**WHAT YOU SHOULD DO:** Pictures stay out. Extract the lines below from the first one through the line with "3)4600байт=4,6кб. Сондықтан да", both included.

++++ SOURCE DATA ++++

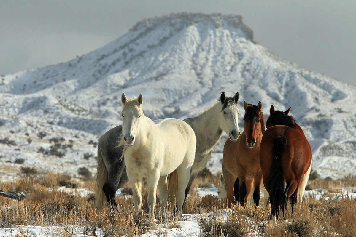 In January, we had fresh snow, and I was happy to find Hollywood’s band in the scenic eastern part of the basin, a short hike from the road (I may even have strapped on my snowshoes). McKenna Peak and Temple Butte are iconic landmarks, and I love to feature them in photos behind/above the horses. Because of the way they were standing, however, Brumley Point, seen here, made the obvious background (the peak and butte are farther to the left). Even though Shane had her rear toward me, the horses were so relaxed, their winter coats so velvety thick and glowing in the low winter sunshine, their demeanor so peaceful, this became one of my favorite images of the day (and month).
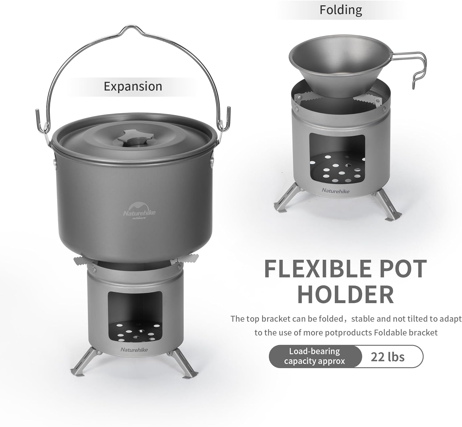 Naturehike 0.44 LBS Ultralight Titanium Camping Wood Burning Stove, Portable Folding Backpacking Wood Stove with Carry Bag
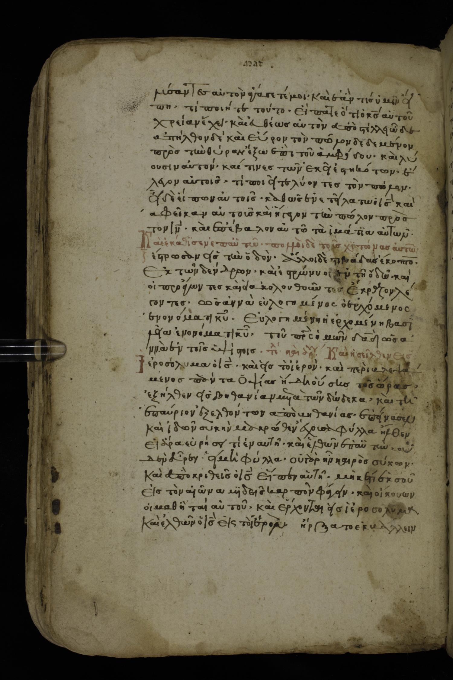 Fourteenth century minuscule of the Gospels on paper; 161 leaves, 1 column, 25-30 lines per column. Images were taken at the National Library of Greece in Athens.
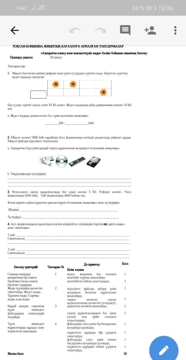 3)4600байт=4,6кб. Сондықтан да pdf форматта сақтау дұрыс болады.
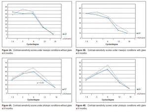 respectively (Table 2). At 6 months postoperatively, the mean spherical equivalent was –0.04D in the CP and –0.1 in the XP groups. The mean sphere was –0.02D and 0.03 and the mean cylinder was –0.1 and –0.27 respectively (Table 2). At 6 months, contrast sensitivity both at photopic and mesopic conditions, with and without glare, were all measured at 1.5, 3, 6, 12, and 18 cycles/degree (cpd) (Figures 3 and 4). Contrast sensitivity was better in the
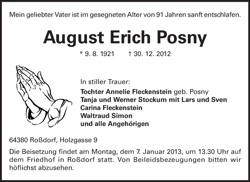 Hier finden Sie alle Traueranzeigen aus der Zeitung, die bisher für August Erich Posny erschienen sind. Weitere Traueranzeigen, die in der Zeitung erscheinen, werden hier ebenfalls aufgelistet
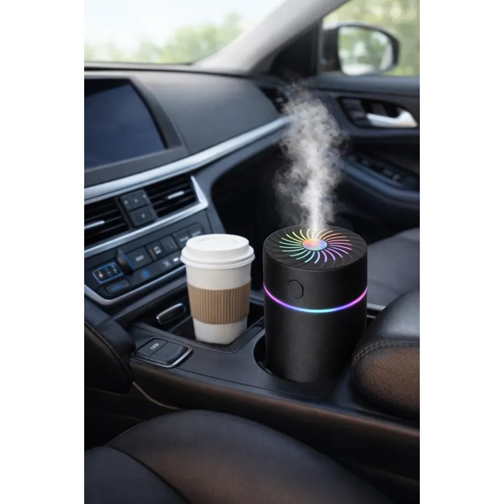 Автомобільний зволожувач повітря аромадифузор чорний — компактний міні зволожувач для салону авто, що працює від прикурювача. Допомагає підтримувати комфортніший мікроклімат у дорозі та може використовуватися як ароматизатор (за потреби). Практичний автоаксесуар для щоденного використання: простий у підключенні, зручний у поїздках і розрахований на регулярну експлуатацію.

++++

**REPLY:**
 In January, we had fresh snow, and I was happy to find Hollywood’s band in the scenic eastern part of the basin, a short hike from the road (I may even have strapped on my snowshoes). McKenna Peak and Temple Butte are iconic landmarks, and I love to feature them in photos behind/above the horses. Because of the way they were standing, however, Brumley Point, seen here, made the obvious background (the peak and butte are farther to the left). Even though Shane had her rear toward me, the horses were so relaxed, their winter coats so velvety thick and glowing in the low winter sunshine, their demeanor so peaceful, this became one of my favorite images of the day (and month).
 Naturehike 0.44 LBS Ultralight Titanium Camping Wood Burning Stove, Portable Folding Backpacking Wood Stove with Carry Bag
 Fourteenth century minuscule of the Gospels on paper; 161 leaves, 1 column, 25-30 lines per column. Images were taken at the National Library of Greece in Athens.
 3)4600байт=4,6кб. Сондықтан да pdf форматта сақтау дұрыс болады.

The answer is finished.